#### [Requirement]
If pictures appear among the lines below, leave them out while you return exactly the lines from the one with "Set de 6 copas" through the one with "This is a beautiful, 7.9″".

#### [Exercise data]
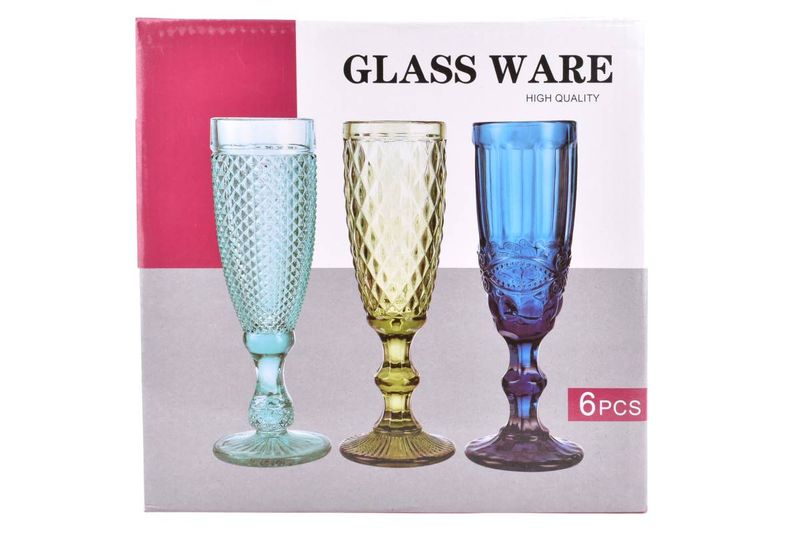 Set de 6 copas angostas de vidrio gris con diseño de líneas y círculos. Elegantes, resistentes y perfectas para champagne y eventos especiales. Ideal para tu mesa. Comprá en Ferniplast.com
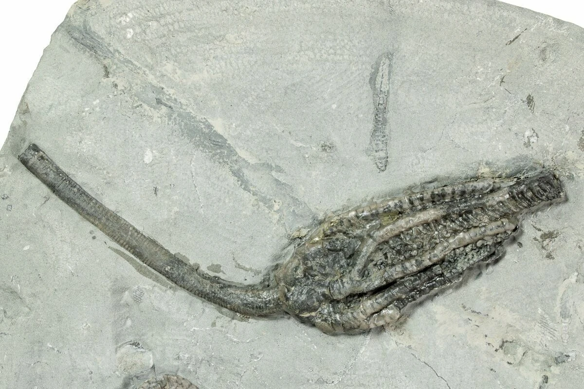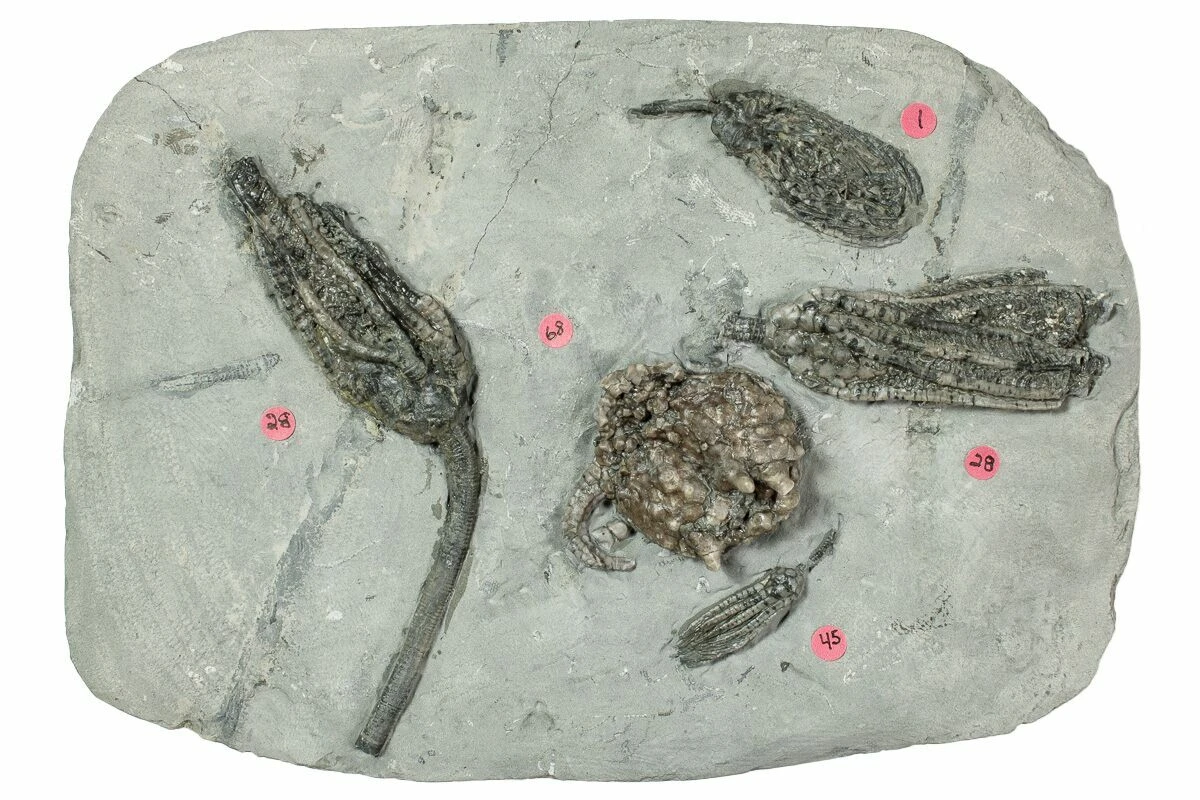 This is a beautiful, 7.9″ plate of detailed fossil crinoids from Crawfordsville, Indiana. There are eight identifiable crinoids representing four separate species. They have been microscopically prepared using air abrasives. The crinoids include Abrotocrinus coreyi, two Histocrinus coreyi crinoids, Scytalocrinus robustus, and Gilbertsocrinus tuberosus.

...

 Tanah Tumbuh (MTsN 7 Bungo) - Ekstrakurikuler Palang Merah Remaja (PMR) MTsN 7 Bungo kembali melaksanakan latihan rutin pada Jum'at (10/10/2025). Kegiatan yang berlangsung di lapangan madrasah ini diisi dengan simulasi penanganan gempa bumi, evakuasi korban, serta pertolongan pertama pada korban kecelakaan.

==

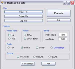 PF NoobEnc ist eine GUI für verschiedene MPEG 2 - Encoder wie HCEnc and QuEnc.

#### [Solution to this exercise]
 Set de 6 copas angostas de vidrio gris con diseño de líneas y círculos. Elegantes, resistentes y perfectas para champagne y eventos especiales. Ideal para tu mesa. Comprá en Ferniplast.com
 This is a beautiful, 7.9″ plate of detailed fossil crinoids from Crawfordsville, Indiana. There are eight identifiable crinoids representing four separate species. They have been microscopically prepared using air abrasives. The crinoids include Abrotocrinus coreyi, two Histocrinus coreyi crinoids, Scytalocrinus robustus, and Gilbertsocrinus tuberosus.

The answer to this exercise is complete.